ThermEval: A Structured Benchmark for Evaluation of Vision-Language Models on Thermal Imagery
AI 摘要
提出了用于评估视觉语言模型在热成像上的性能的结构化基准ThermEval,揭示了现有模型在该领域的不足。
主要贡献
- 构建了大规模热成像视觉问答数据集ThermEval-B,包含像素级温度信息。
- 评估了多种VLM在热成像上的表现,发现模型在温度推理等方面存在缺陷。
- 指出了RGB-centric评估的局限性,强调了热成像领域专用评估的重要性。
方法论
构建包含真实场景热成像与人工标注问答对的数据集,并在该数据集上评估现有VLM的性能表现,分析其弱点。
原文摘要
Vision language models (VLMs) achieve strong performance on RGB imagery, but they do not generalize to thermal images. Thermal sensing plays a critical role in settings where visible light fails, including nighttime surveillance, search and rescue, autonomous driving, and medical screening. Unlike RGB imagery, thermal images encode physical temperature rather than color or texture, requiring perceptual and reasoning capabilities that existing RGB-centric benchmarks do not evaluate. We introduce ThermEval-B, a structured benchmark of approximately 55,000 thermal visual question answering pairs designed to assess the foundational primitives required for thermal vision language understanding.

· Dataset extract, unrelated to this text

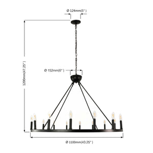 Ancora 16 Light Chandelier Wagon Wheel (43“ Wide) Matte Black Steel Frame | Large Home Decoration | Foyer, Entryway, Dining Room
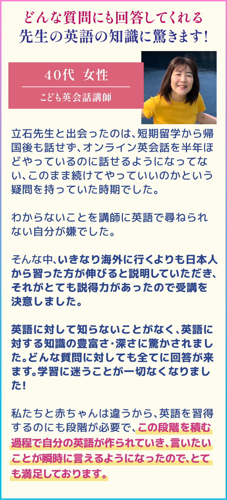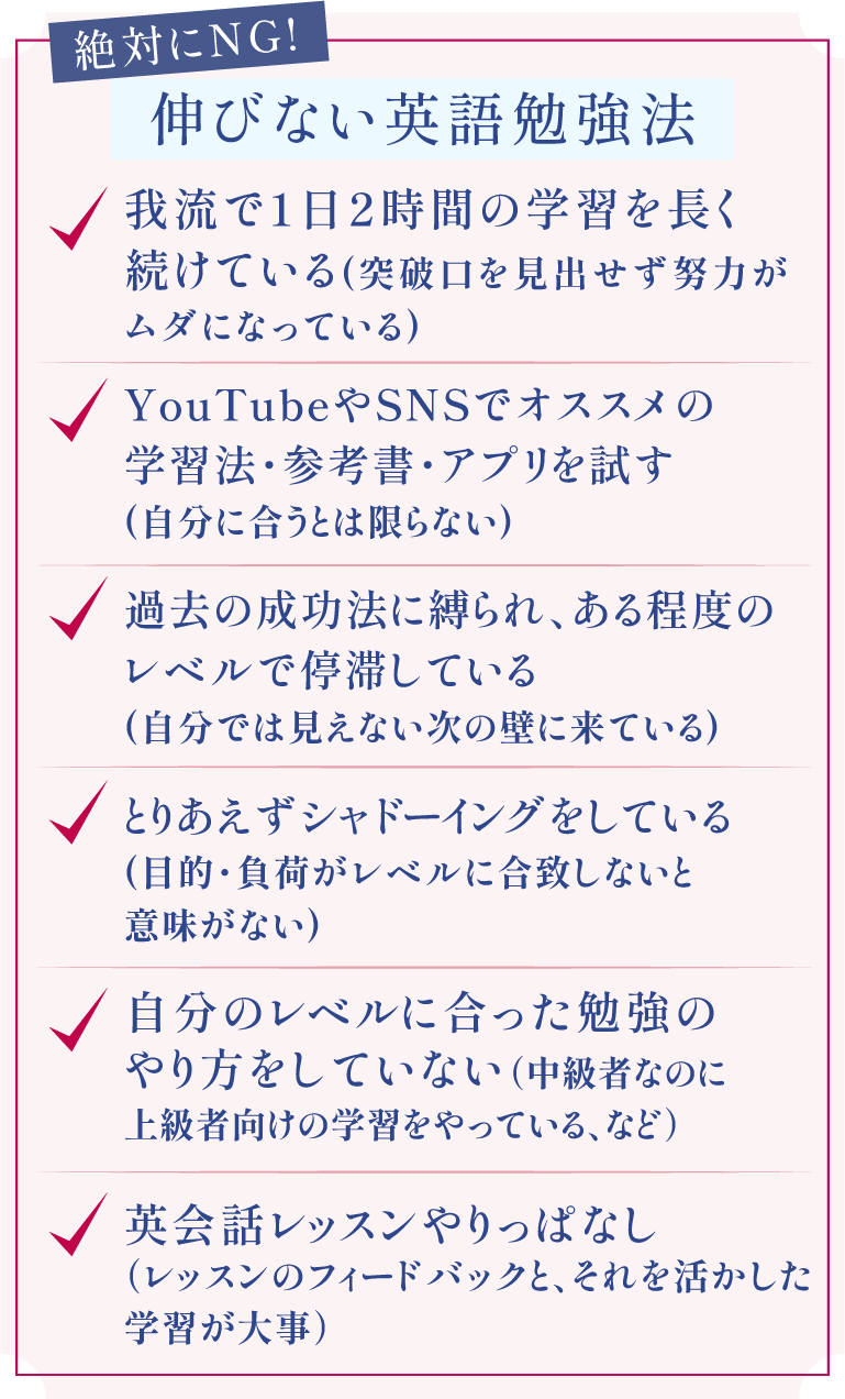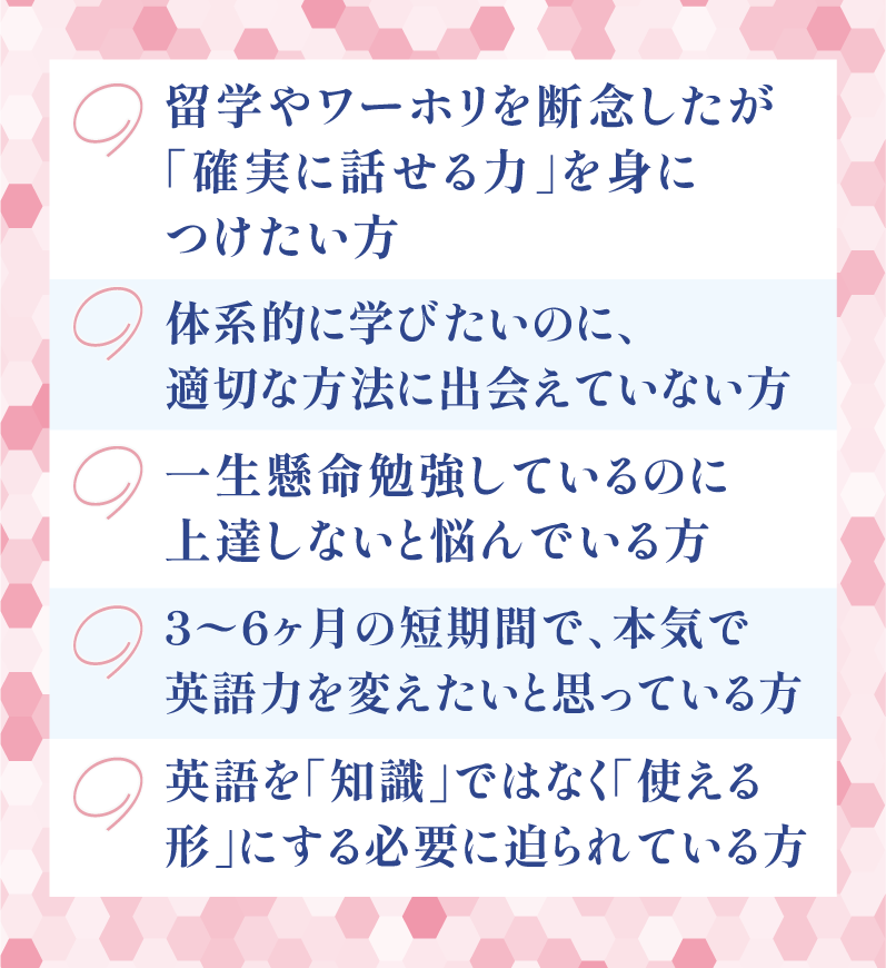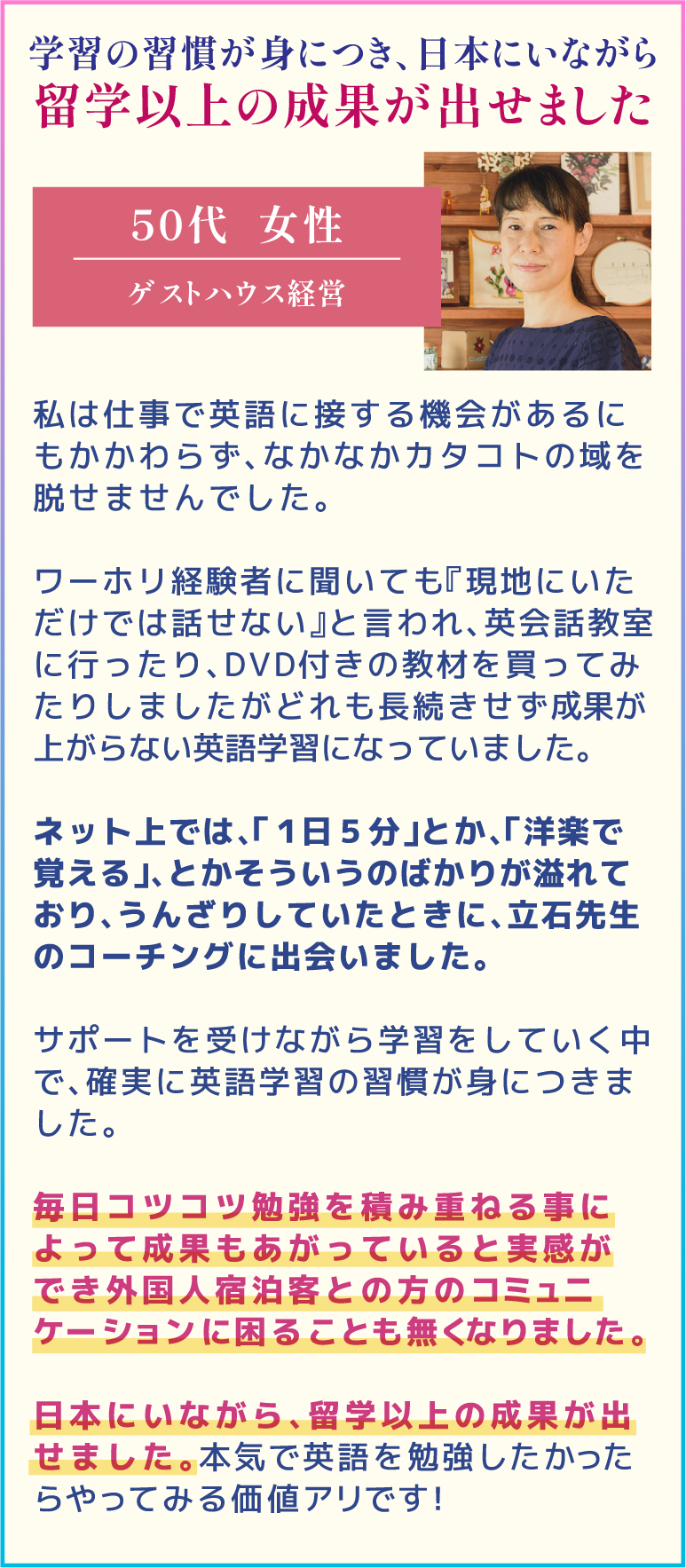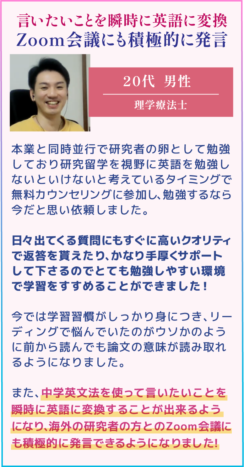 これまで、英語を勉強しても英語力が上がらないと悩んでいた人を100名以上サポートする実績を持つ。

ThermEval-B integrates public datasets with our newly collected ThermEval-D, the first dataset to provide dense per-pixel temperature maps with semantic body-part annotations across diverse indoor and outdoor environments. Evaluating 25 open-source and closed-source VLMs, we find that models consistently fail at temperature-grounded reasoning, degrade under colormap transformations, and default to language priors or fixed responses, with only marginal gains from prompting or supervised fine-tuning. These results demonstrate that thermal understanding requires dedicated evaluation beyond RGB-centric assumptions, positioning ThermEval as a benchmark to drive progress in thermal vision language modeling.